When I named this space Feral Stack on a whim, I had my reasons. I’ve always navigated culture with tension and curiosity. As a child, I thought I was an alien sent to Earth to study humans, then later went on to study culture as an undergrad.
My parents, WASP intellects from California, raised me with their open-minded, optimistic, genteel, and bourgeois Californian values, which, bless them, did little to prepare me for the culture of Out the Road Alaska circa the 80s.
This was the era when Leave It To Beaver was replaced with feminism (gratefully), women were promised they could Have It All and, in turn, Do It All, and mothers entered the workforce in droves while still carrying the role of caregivers, boo-boo-soothers, and emotional laborers. This left an entire generation raised by babysitters and matriarchs with thin patience for needy children‘s feelings, also known as Generation X.
As more people entered the workforce, the insatiable appetite of the hamster wheel grew and grew until it became what we all know and love as the 80s. Greed is sexy, hypercapitalism manifests into hyper-color shirts, hyper-hair, cocaine-fueled parties, douchebaggery, and a hole in the ozone from all that hairspray. (I have a B.A. in culture, so I would know. I got letters.) We got also some fantastic masochistic children’s movies.
In those days, Alaska, a.k.a. “The Last Frontier,” was ripe for the exploiting by good ole white boy Lone Ranger/ex-convict types, which I have written about here and here.
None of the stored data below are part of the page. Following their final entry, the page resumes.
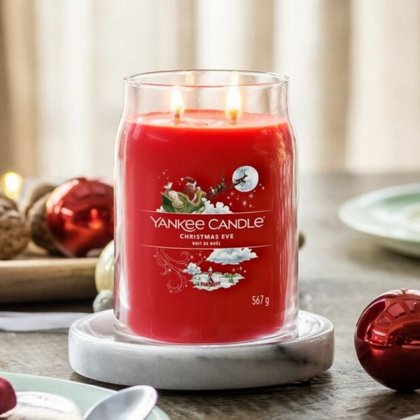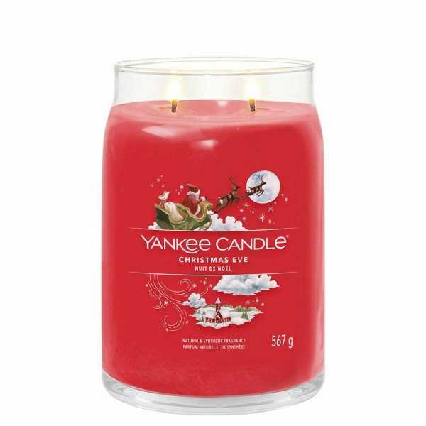 Candela grande Yankee Candle Christmas Eve,è una fragranza Dolce e Speziata.I tradizionali profumi delle feste: note profumate che richiamano il caminetto acceso, le prugne zuccherate, e la frutta candita.Questa è la più grande candela nella gamma realizzata con due stoppini e un mix di altissima qualità di cera di soia il quale fornisce una stupenda fragranza a lunga durata e una meravigliosa atmosfera.
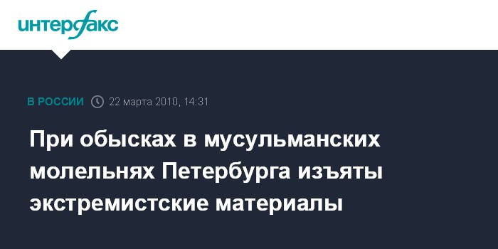 Санкт-Петербург. 22 марта. INTERFAX.RU - Правоохранительные органы Петербурга изъяли большое количество экстремистских материалов в результате обысков в мусульманских религиозных организациях в прошлую пятницу, задержан один человек, сообщил сайт Следственного управления СКП РФ по городу в понедельник.
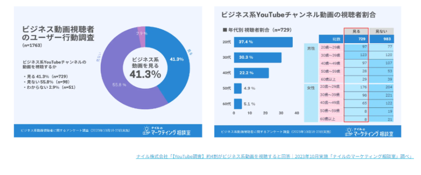 ナイル株式会社が2023年に実施した調査では、「YouTubeでビジネス系動画を視聴している」と回答したユーザーは約4割にのぼりました。視聴層も20代から40代を中心に広がっており、これは多くの企業にとってターゲットとなる購買・選定関与者層にあたります。この調査は2023年10月時点の情報であり、視聴者数はさらに増えていると考えられます。
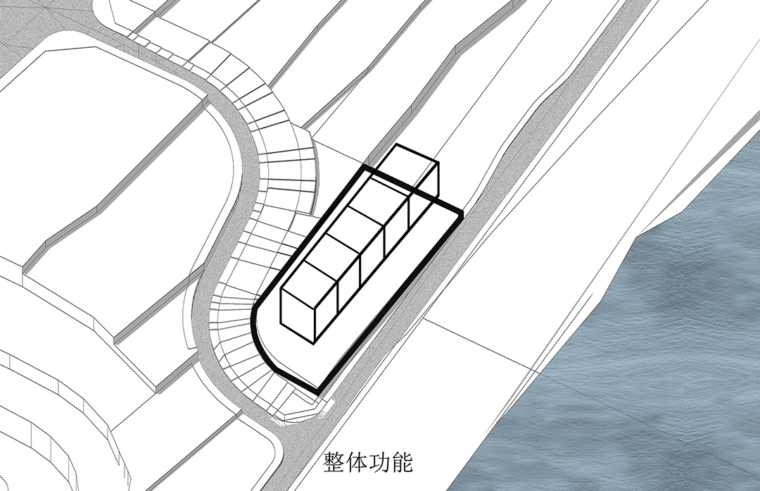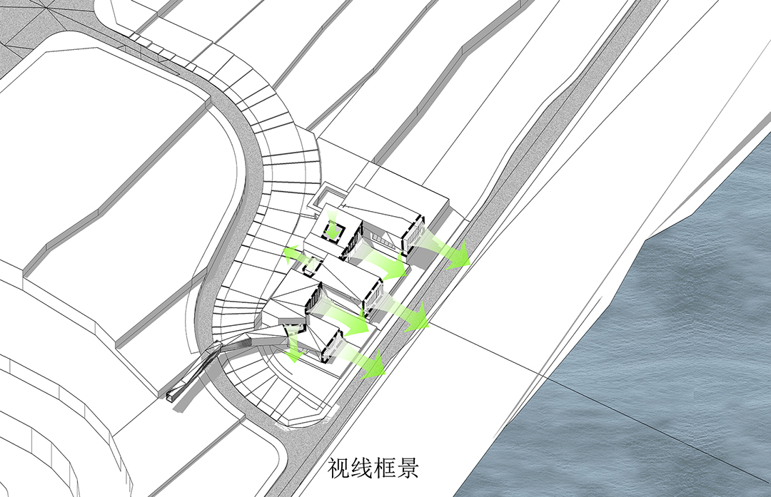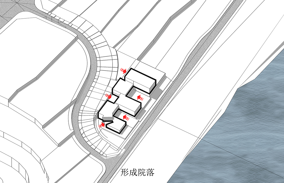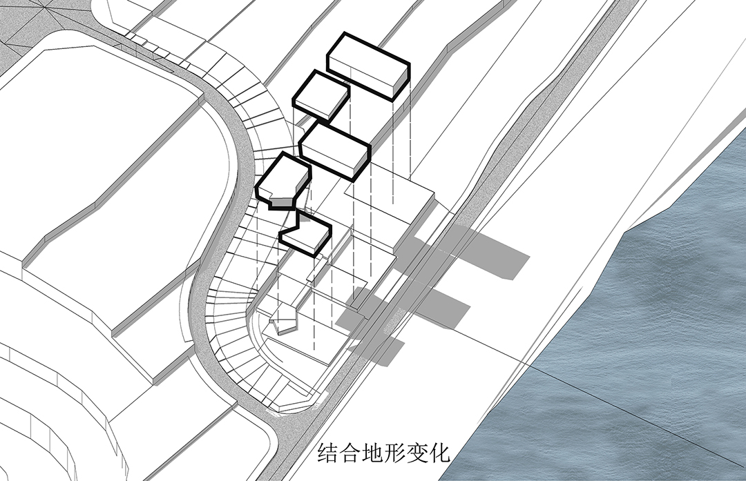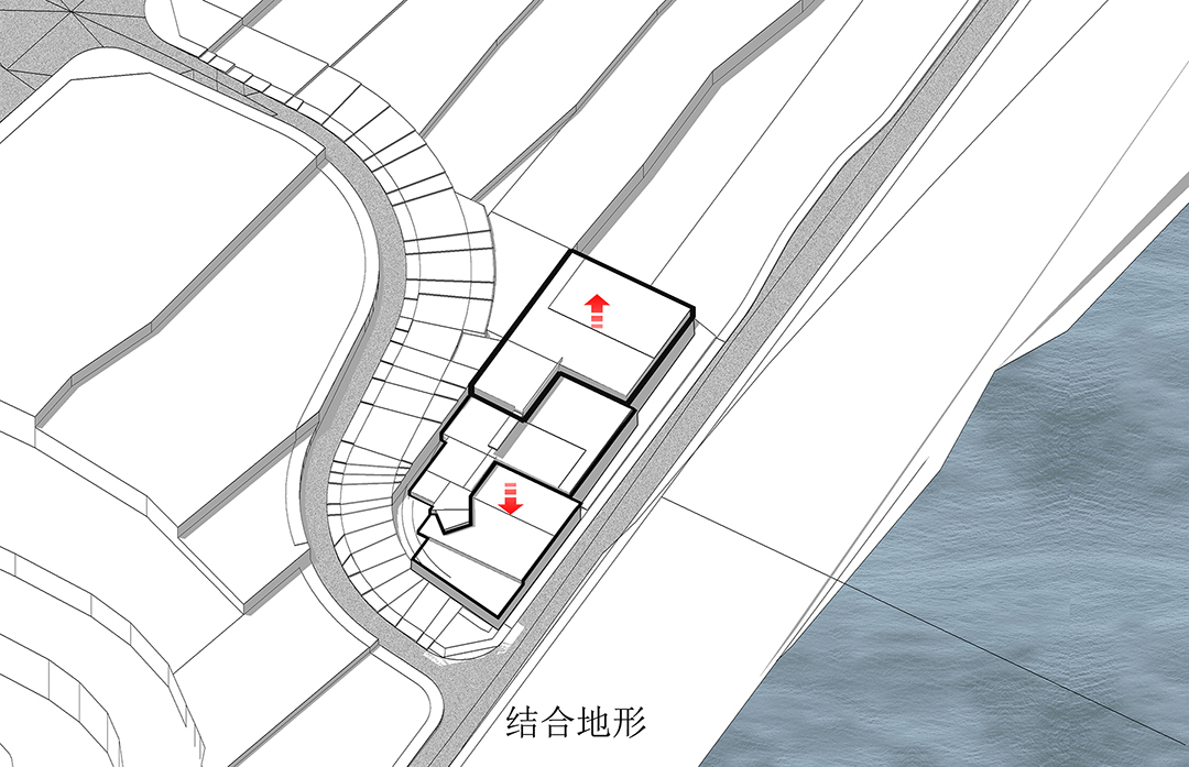 作为对环境的回应,建筑师将三个体量不同的盒子并列于山坡上,垂直于滨河道路,以期达到滨河景观及远山的最佳观赏。通过建筑与环境的互塑共生,使远山、河流、庭院、建筑重塑构成新的秩序,营造独有坡地特征的建筑群落。
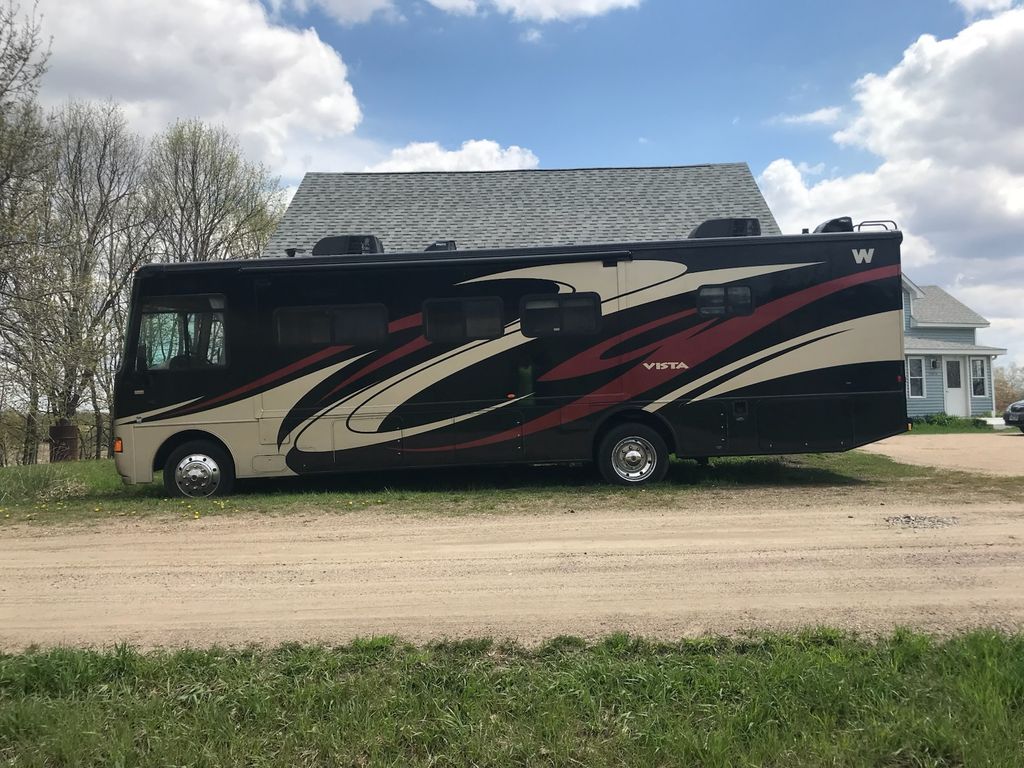 2012 Winnebago Vista LX 35F Well Maintained Class A Motorhome This 2012 Winnebago Vista LX 35F is a well-maintained Class A motorhome powered by the dependable Ford V10 6.8L gas engine. With 83,714 miles (as of March 2026), this coach has received extensive maintenance and upgrades over the past several years and is ready for the road. The Vista LX 35F offers a spacious and comfortable layout featuring two slide-outs (living room and master bedroom), two bathrooms, and beautiful cherry wood cabinetry and trim throughout. The rear master bathroom includes a 32" x 31" shower, while the half bath adds convenience for guests. Entertainment features include three TVs (living room, bedroom, and exterior) and a CD/radio sound system. Key Features Ford V10 6.8L Gas Engine 83,714 miles Two slide-outs Two bathrooms Cherry wood cabinetry Full body paint (7 layers) 22,000 lb chassis frame rating Three TVs (LR, bedroom, exterior) Complete owner manuals Automatic Leveling jacks Mechanical & Maintenance Updates Safe-T-Plus steering stabilizer (2021) Three house batteries replaced (2025) 6 New Sumitomo tires tires (2022) Onan generator 5000 W, 927 hours, oil and filter changed regular Two slide-out systems repaired (2023) Engine, oil and filter, radiator flush Brake service and drive train, regularly maintained All Fogged windows have been replaced (2020)

This was when Alaskan Native culture was only taught one week a year in the schools, called “Alaska week,” before it became required learning for all educators.
Just as the phallus reigned in ancient Greece, ceremony in Alaska was laid at the altar of all things loud and noisy, things that often served as metaphorical penis extenders: lifted trucks with bangin’ sound systems, rager bonfires, and extra credit for smashing a beer bottle over your head. If you could jump over the bonfire, you could bump up against god. In high school, “bros before hoes” was The Way, “pussy” was a cuss word, and girls could be accepted if they were “tomboys” or “waifs”—small enough to still make a man’s nature feel impressive.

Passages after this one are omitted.